Notifications You must be signed in to change notification settings

EuracBiomedicalResearch/batch_centroid

Repository files navigation

Converting Sciex wiff files to mzML

Before being able to do any centroiding or data analysis at all the data has to be converted from the vendor-specific wiff format into mzML files. The [proteowizard] software, specifically the msconvert script, is one of the default tools for this task - requires however Microsoft Windows (and vendor dll files) to work properly. There is however a nice alternative to the Windows installation of the tools: docker.
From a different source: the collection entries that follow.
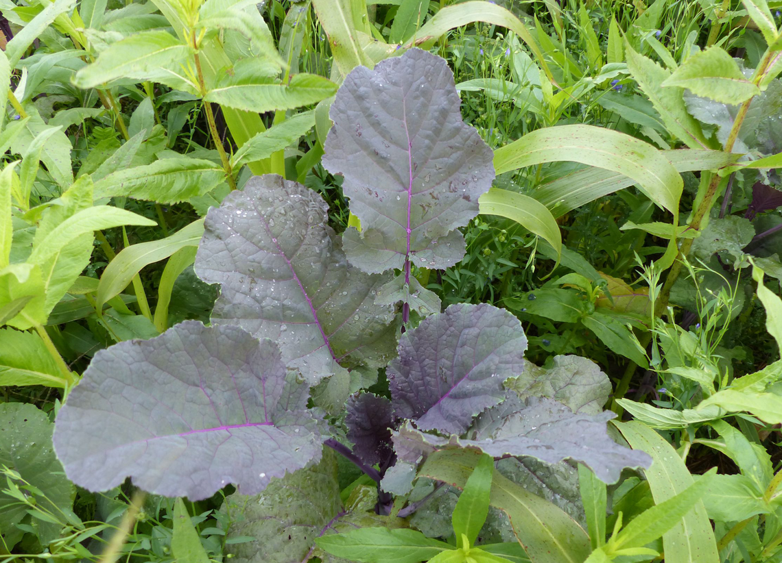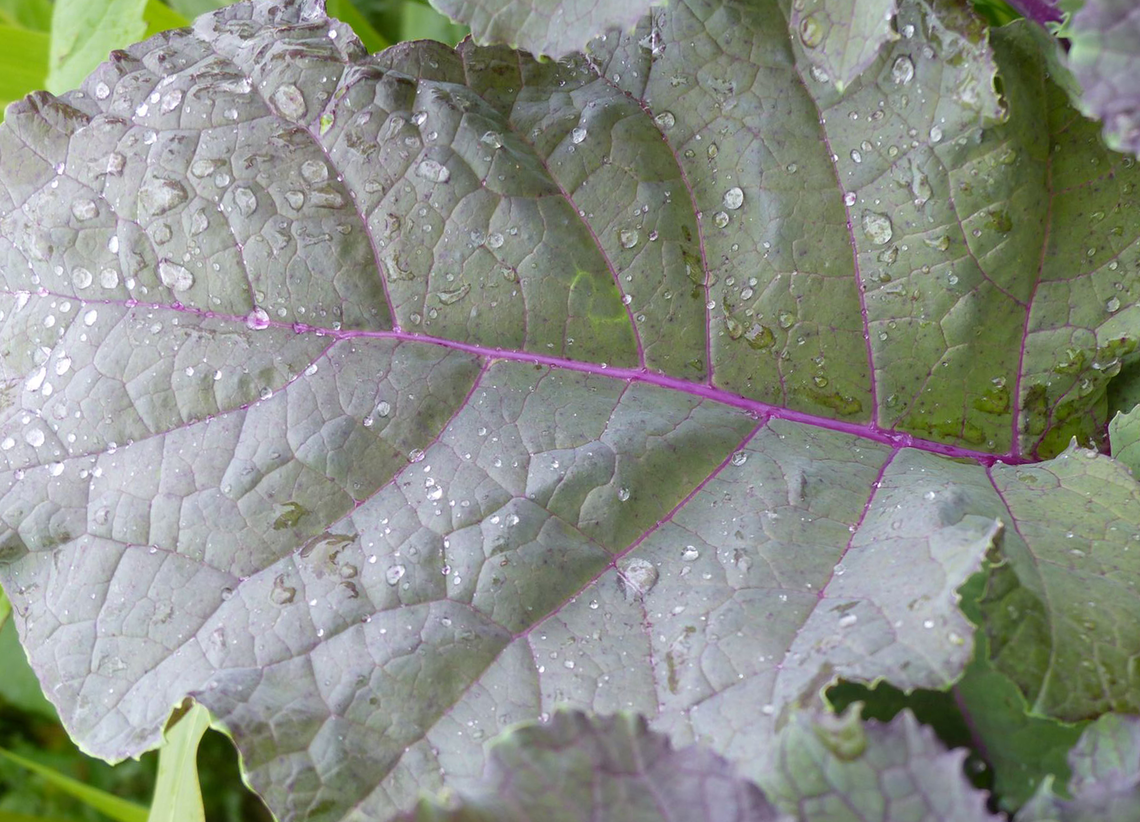 - liście długie i szerokie o zabarwieniu czerwono-fioletowym z silnym nalotem woskowym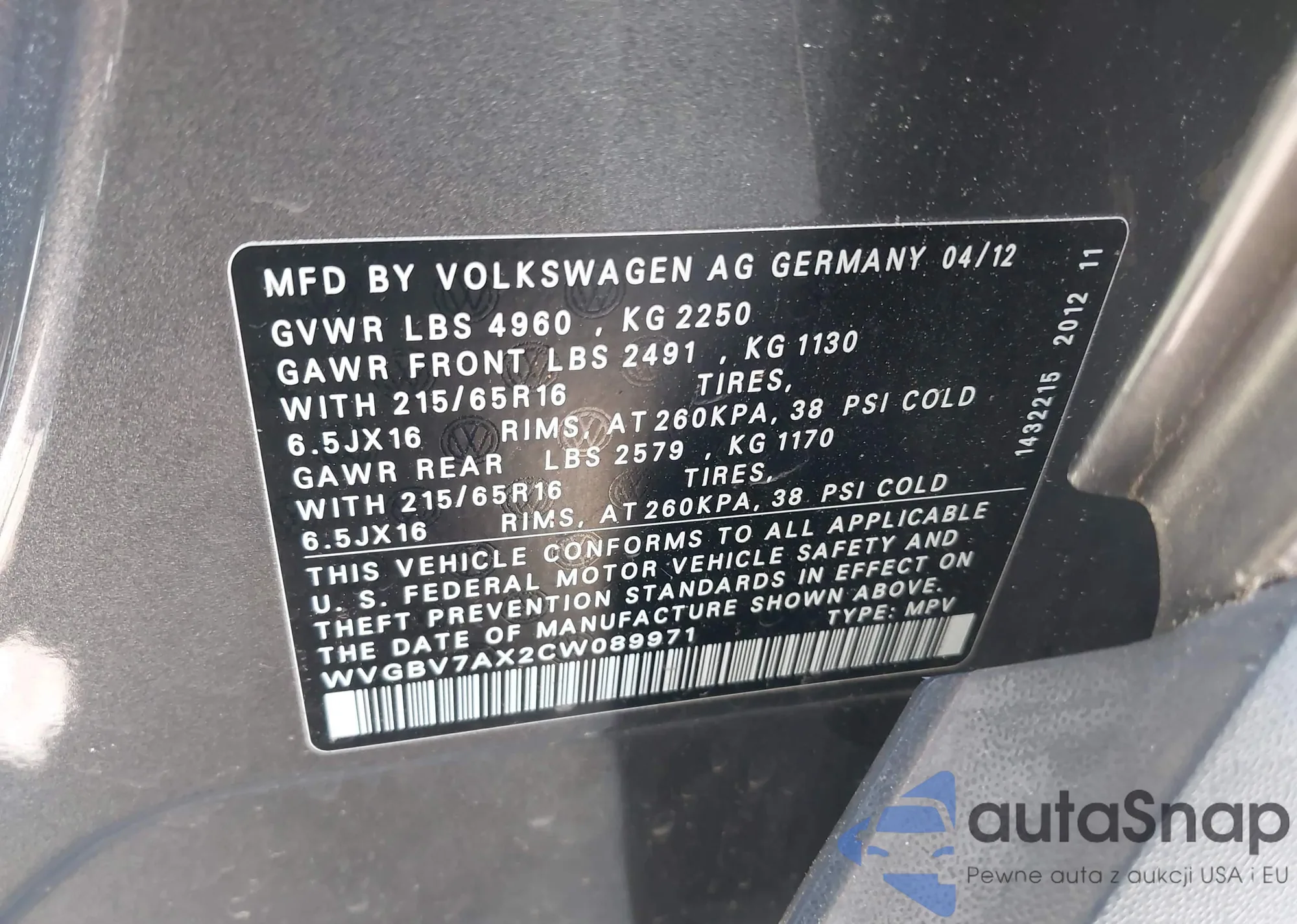 VIN: WVGBV7AX2CW089971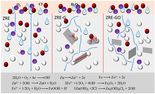 中国科学院宁波材料技术与工程研究所海洋功能材料团队通过Hummers法和还原反应制备了具有高电导率的还原氧化石墨烯(rGO)和低电导率的氧化石墨烯(GO),系统研究了rGO、GO和rGO/GO改性环氧富锌(ZRE)复合涂层的腐蚀防护行为。结果表明,与ZRE涂层相比,在加入rGO后ZRE涂层的阴极保护时间和物理阻隔性能均大幅提升,ZRE-rGO涂层表现出最佳的防腐性能。一方面,rGO显著改善了锌颗粒与基体的电接触,最大限度地发挥了锌颗粒的作用;另一方面,rGO同样具有优异的物理阻隔特性,大大延长了腐蚀介质的扩散路径,从而提高了复合涂层的腐蚀保护寿命。相关研究结果发表在Materials and Design, 2019, 169, 107694。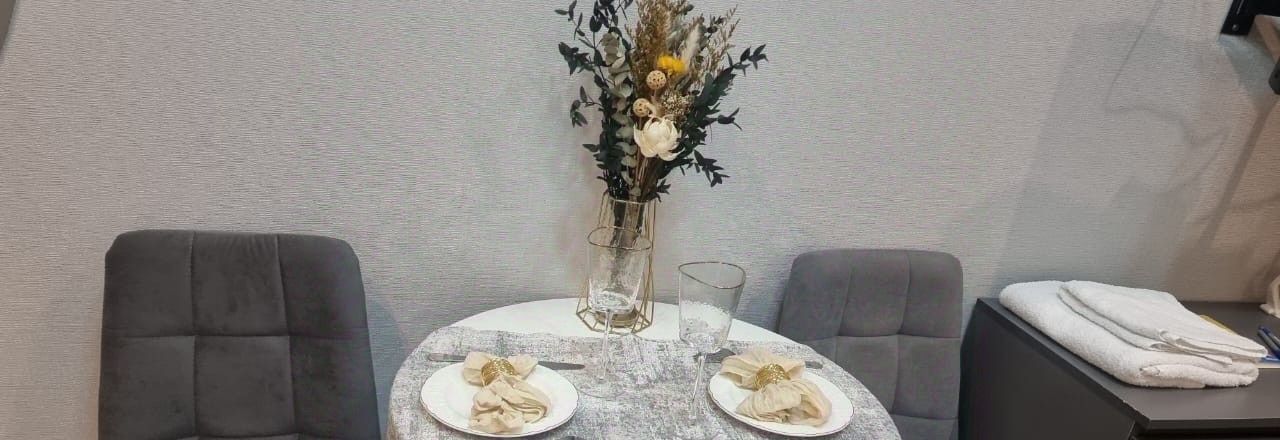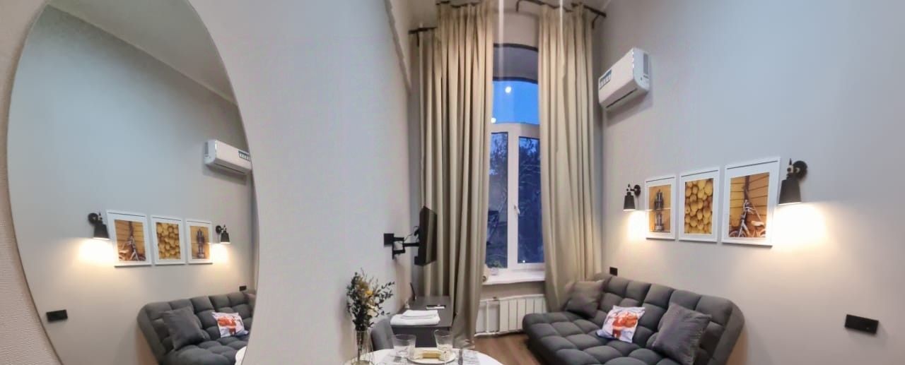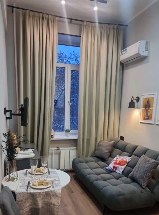 В нашей студии комфортно будет расположиться молодой паре, либо 1 человеку.Это 3 этаж ,дом кирпичный с высокими потолками , лифта нет но лестница широкая и удобная.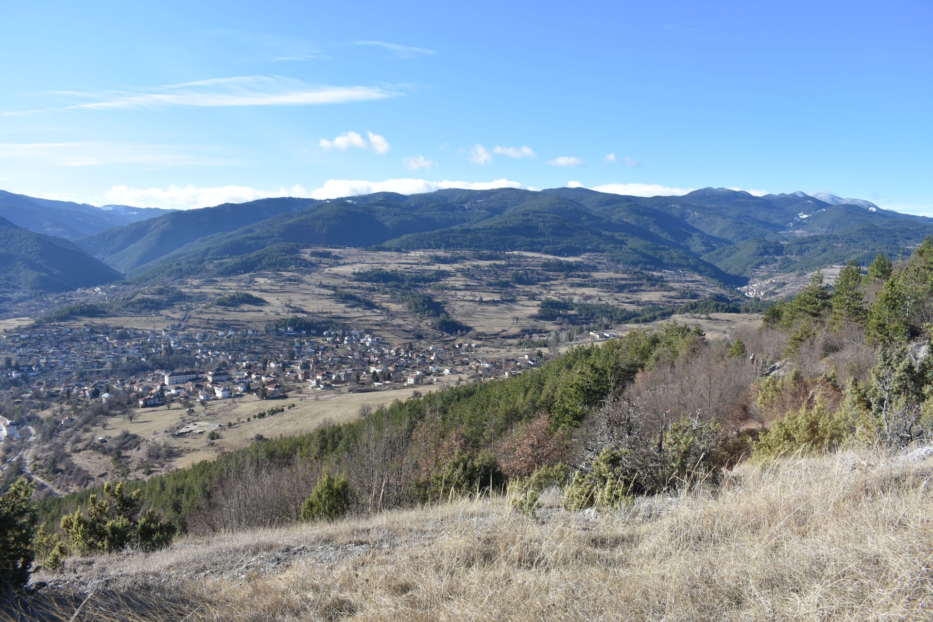 В началото тя се движи със леко изкачване, преминава през малко дере и достига до открито пространство, което ви предлага гледки към селата Хвойна, Павелско и Малево. Тук сте на 880 м. нв.

Installing proteowizard docker image

  • Use the command docker pull chambm/pwiz-skyline-i-agree-to-the-vendor-licenses to get the official Proteowizard docker image.
  • Use the following command to convert a file (replacing /your/data with the path to the raw files on the local computer and file.raw with the name of the file to be converted.
docker run -it --rm -e WINEDEBUG=-all \
	-v /your/data:/data \
	chambm/pwiz-skyline-i-agree-to-the-vendor-licenses \
	wine msconvert /data/file.raw

Use of singularity instead of docker on the clusters

For security reasons, singularity might be the better choice on a calculation cluster.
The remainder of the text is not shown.